Затем она попросила меня посмотреть рукопись. Крошечный отрывок из «Поэмы» и «Cinque». Очень сомнительные: «Песня мира» и «Парк Победы». Да, да, великое событие: книга Ахматовой, первая после 46 года. И «Предыстория» есть! Какое счастье. И какое горе, потому что книга эта – поклеп на поэта. Это Ахматова минус обе поэмы, минус «Данте», минус «Пастернак», минус…[188]Выросло целое поколение, которому Ахматова известна только в трактовке Жданова, теперь они узнают ее от нее самой. Догадаются ли о пропусках?

Я читала прилежно. Нашла много опечаток машинистки. Анна Андреевна, как всегда, дивилась этой моей способности. Меня огорчило новое начало стихотворения «Мой городок игрушечный сожгли, / И в прошлое мне больше нет лазейки»…[189]Оно звучало интимнее, чем теперешнее патетическое «О!» Но Анна Андреевна не согласилась со мной. Затем я сказала ей, что слово «отмечу» в смысле «отпраздную» приобрело для нашего уха вульгарно‑газетный оттенок: «Завод имени Розы Люксембург отметил десятую годовщину своего…» и т. д., и потому мне неприятна строка: «Как мой лучший день я отмечу»… Она обещала подумать[190]. Потом я предложила убрать поставленное Сурковым название «Лирика»: имя Анна Ахматова есть уже само по себе одно из имен, один из ликов мировой лирики – собраны ли в книге поэмы ее, или стихи, или даже статьи… Зачеркнув название, она написала:

 

Стихи разных лет

1909–1956

 

Порадовалась, написав годы: трудовой стаж у нее, значит, сорок семь лет! («Может быть – пенсию увеличат?»)

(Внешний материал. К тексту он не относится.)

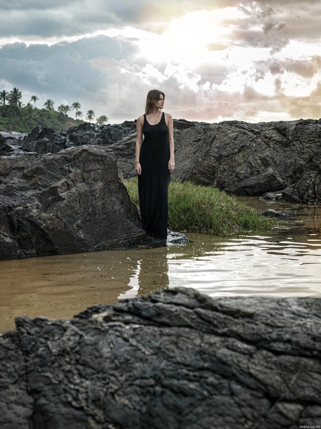 На картинке изображен человек, стоящий в воде возле скал. Судя по мягкому освещению и облачному небу, сейчас либо рассвет, либо сумерки. На человеке длинное платье, которое можно принять за официальный наряд. Обстановка кажется спокойной и естественной, возможно, это пляж или прибрежная зона.

Я сижу на стуле за маленьким столиком, сняв с него книги, она – на постели, позади меня. Увидев через плечо, что я читаю стихотворение «Годовщину веселую празднуй», говорит:

– «Последнюю» на самом деле. Последнюю, конечно, годовщину, а не веселую. Эти стихи совсем искалечены – целое четверостишие выброшено: «Меж гробницами внука и деда»[191].

Анне Андреевне быстро надоело, что я вожусь с рукописью, она все время со мной заговаривала – не о книге – и я читала на лету, на бегу. Успела подумать только, читая «Отрывок» из «Поэмы», что ни один отрывок из этой вещи, даже самый великолепный, не дает представления о ней: она ведь полифоническая, ничто одно ее не выражает.

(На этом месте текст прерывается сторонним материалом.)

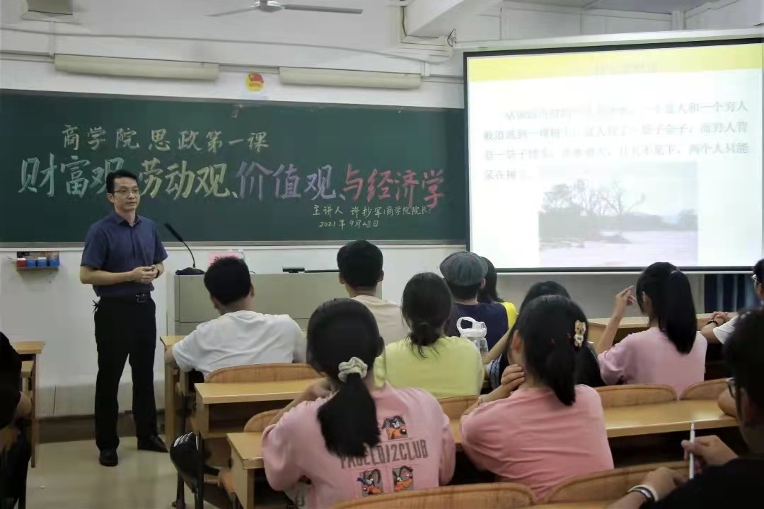 9月28日晚,商学院院长许抄军以“经济学视角的财富观、劳动观和价值观”为主题,于燕雷楼703室给商学院21级新生代表开讲“思政第一课”。

Когда я кончила читать, Анна Андреевна поспешно убрала рукопись со стола. Помолчала. Потом заговорила доверительно, чуть понизив голос:

– Один господин – вы, конечно, догадываетесь, о ком речь, вы и двое‑трое друзей знают, в чем дело, – позвонил ко мне по телефону и был весьма удивлен, когда я отказалась с ним встретиться. Хотя, мне кажется, мог бы и сам догадаться, что после всего я не посмею снова рискнуть… Сообщил мне интересную новость: он женился только в прошлом году. Подумайте, какая учтивость относительно меня: только! Поздравление я нашла слишком пресной формулой для данного случая. Я сказала: «вот и хорошо!», на что он ответил, предавая свою новобрачную: «Ничего не вижу тут хорошего».

Она говорила, хотя и с насмешкой, но глубоким, медленным, исстрадавшимся голосом, и я поняла, что для этого рассказа о «небывшем свидании» она и вызвала меня сегодня, что снова ею совершен один из труднейших поступков[192].

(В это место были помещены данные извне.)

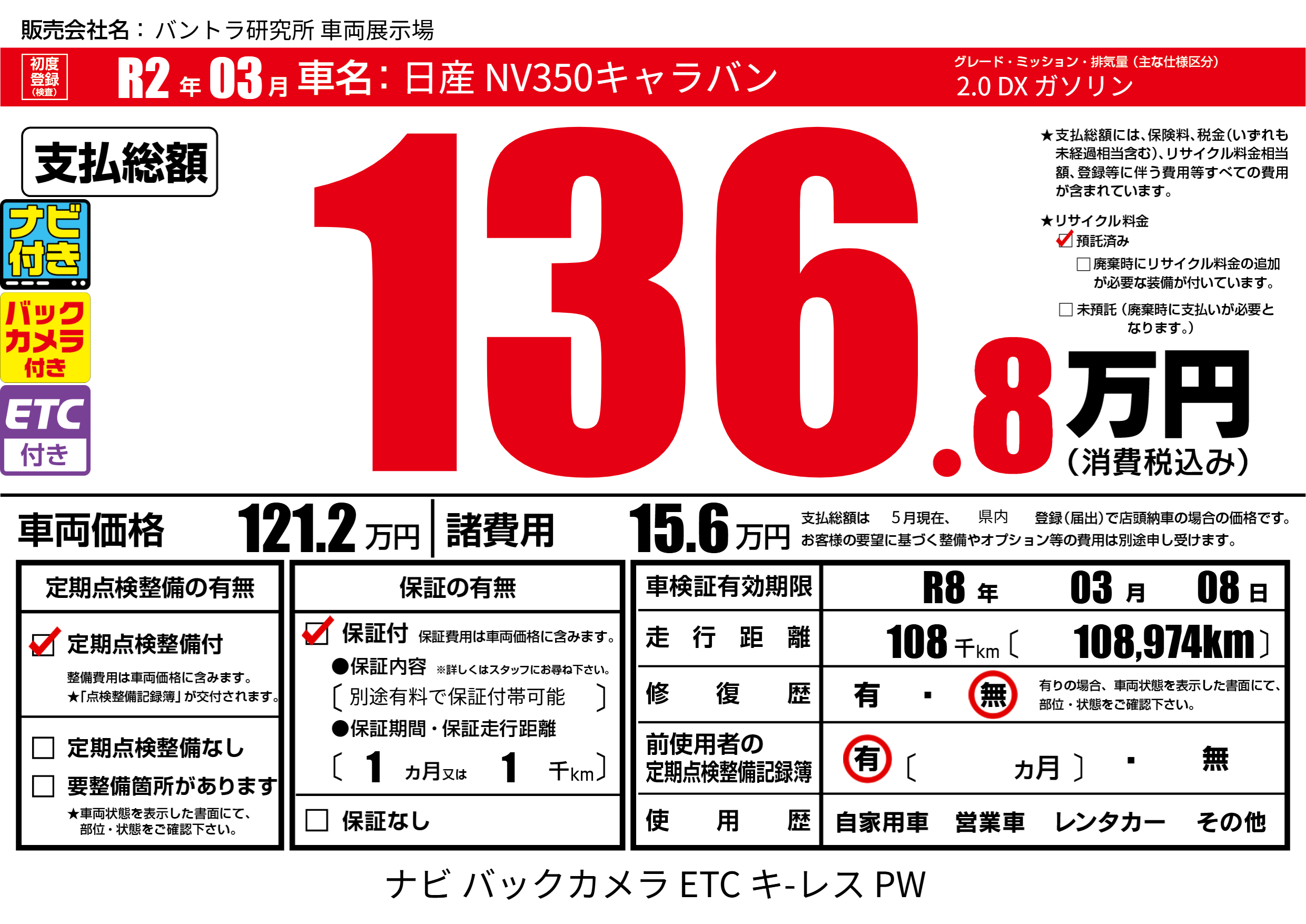 | 車名 | 日産 NV350キャラバン | グレード ミッション 排気量 |

Мы заговорили о постановлении. Последовал новый гневный монолог: в одном доме Анна Андреевна познакомилась с молодым человеком, физиком, который сказал ей: «Когда вышло постановление, мы считали, что насчет Зощенко неверно, а насчет вас все очень логично и убедительно».

– Вы подумайте – они считали! И он говорит это мне, старухе, через десять лет! Зачем? Считали – так и молчи.

В самом деле, какая душевная грубость. И глупость к тому же. Лирика Ахматовой – любовная женская лирика, среди ее стихотворений нет ни одного эротического, ни одного! – а они, видите ли, вместе со Ждановым считали!

На прощание Анна Андреевна сказала мне:

– Я совсем не могу работать, не в силах. За лето перевела 30 строк, а должна была перевести 3000. Зощенко уверен, что он накануне богатства, а я накануне самой черной нищеты.

 

26 августа 56 • Сегодня вышел «Октябрь». Стихи Ахматовой – прошенные, взятые, принятые – там не появились. Зато в «Правде» появилась статья Рюрикова – «с одной стороны, с другой стороны» – и гнуснейший абзац о каких‑то литераторах, критикующих партийные документы о литературе110.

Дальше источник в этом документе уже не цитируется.